Items from a dataset
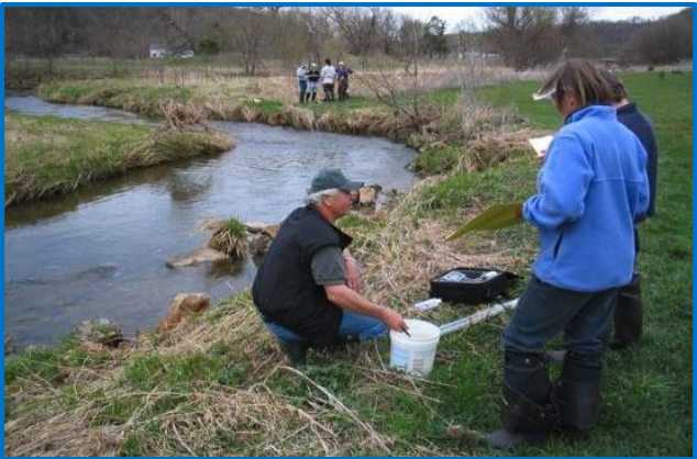
Watershed Restoration and Protection Programs

• Empowering Underserved and EJ Communities—Creation of ‘Pocket Parks’ (Los Angeles, CA)
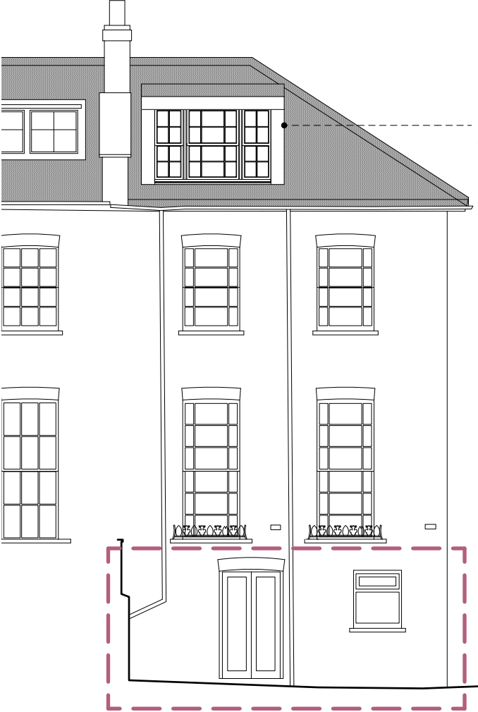
REAR ELEVATION to garden 1:100

GENERAL NOTES: This drawing is to be read in conjunction with the contract specification, the engineer's drawings and specification, and where appropriate the drawings and specifications prepared by relevant sub contractors. All works are to be undertaken in accordance with the Building Regulations and the latest British Standards and Codes of Practice. The contractor must obtain Building Control permissions as necessary and appropriate. All proprietary materials and products are to be used strictly in accordance with the manufacturers recommendations.
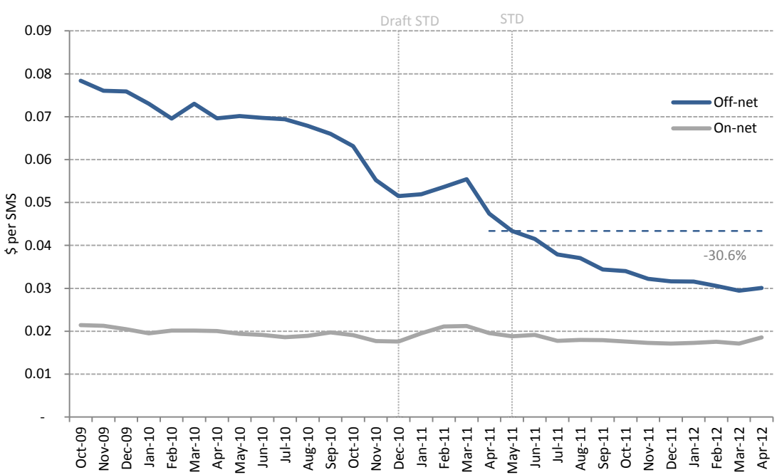
Figure 6: Industry average revenue per SMS in New Zealand

The average revenue per minute for off net SMS has declined 30.6% since the inception of the MTAS STD^2 , with a 61.6% drop since October 2009.
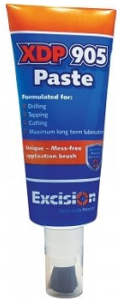
S075 Cutting Tool Lubricant Paste - 200g
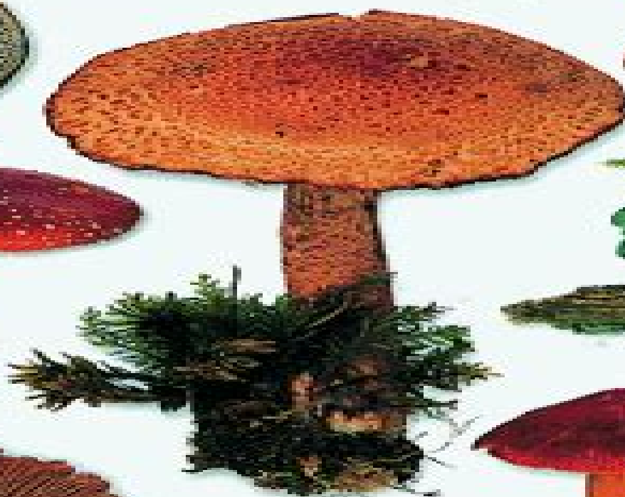
Marbled Porcini Cap
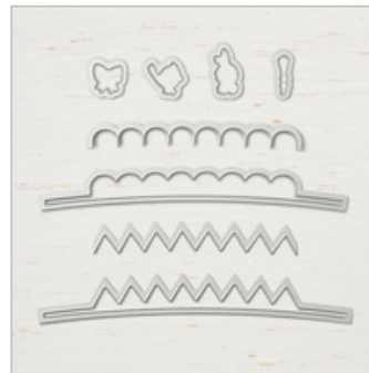
Playful Pennants Framelits Dies
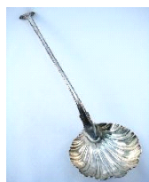
Lot # 510
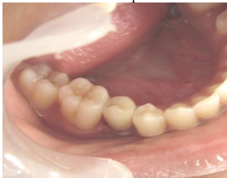
Fig 2 f
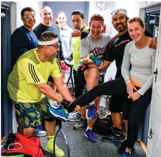
A Rowdy Crowd in the Hallway!

Try it:
The lines you return should be those above that contain the word "average", every one of them.

Result:
Figure 6: Industry average revenue per SMS in New Zealand
The average revenue per minute for off net SMS has declined 30.6% since the inception of the MTAS STD^2 , with a 61.6% drop since October 2009.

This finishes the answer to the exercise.